Contrairement au NLS, le NES retrouvée dans la région N-terminale des VPH diffère grandement des NES qui ont été identifiés chez la protéine du VPB (Rosas-Acosta and Wilson, 2008). Chez le VPH, le NES est localisé entre les acides aminés 105 et 114 de E1 (Fig. 1.14). L’inhibition de l’export nucléaire de E1 via la substitution en alanine de deux acides aminés de la séquence consensus du NES reconnue par Crm1 (leucine 109 et de l’isoleucine 112 ) ou via l’utilisation de leptomycine B suggère que la protéine est

exportée au cytoplasme via l’exportine Crm1 (Chapitre 3 et (Deng et al., 2004)). Chez les VPB, trois NES ont été identifiées et aucun ne concorde avec celui retrouvé chez les VPH (Rosas-Acosta and Wilson, 2008).

Figure 1.14. Séquence modulant la localisation nucléaire des VPH à haut et à bas risque oncogénique.

Séquences d’une portion de la région N-terminale de divers VPH dans lesquelles la localisation du NLS bipartite, du NES et du CBM est identifiée. En plus de ces séquences, les sites consensus reconnus par la cycline E-A/Cdk2 sont identifiés (noire).

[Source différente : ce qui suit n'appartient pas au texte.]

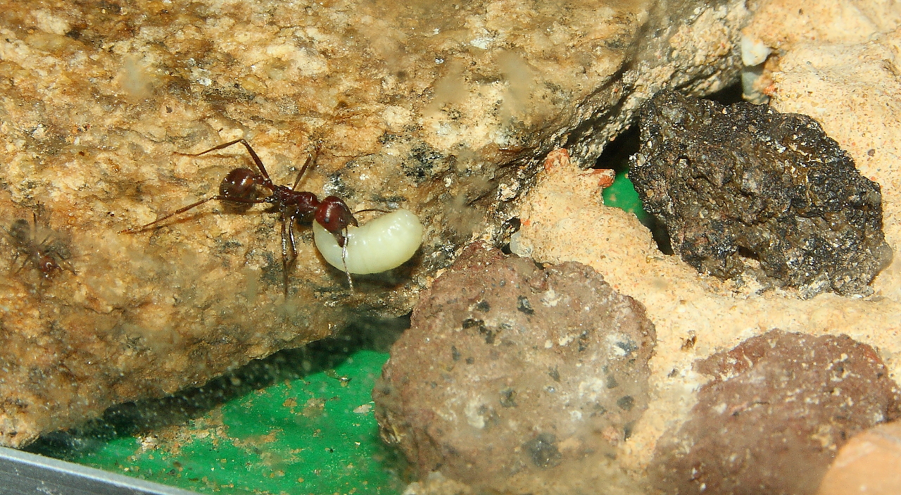 Mit Insekten verhallt es sich ähnlich, wobei anzumerken ist, der Bedarf an Insekten, ist deutlich geringer als bei Messor barbarus.

Bien que l’accumulation nucléaire de E1 induite par son NLS soit essentielle à la réplication virale, la mutation du NES n’induit pas de défaut de réplication de l’ADN en tant que tel (Deng et al., 2004). Les études présentées dans cette thèse ont permis de confirmer que l’export nucléaire de E1 n’est pas essentiel à la réplication de l’ADN viral. Celles-ci révèlent cependant que l’export nucléaire est essentiel au maintien de l’épisome viral dans les kératinocytes. En fait, nous avons démontré que l’accumulation nucléaire de E1 induits des effets anti-prolifératifs, qui sont annihilés par l’export de E1 au cytoplasme. Ces résultats sont présentés et discutés aux chapitres 3 et 4.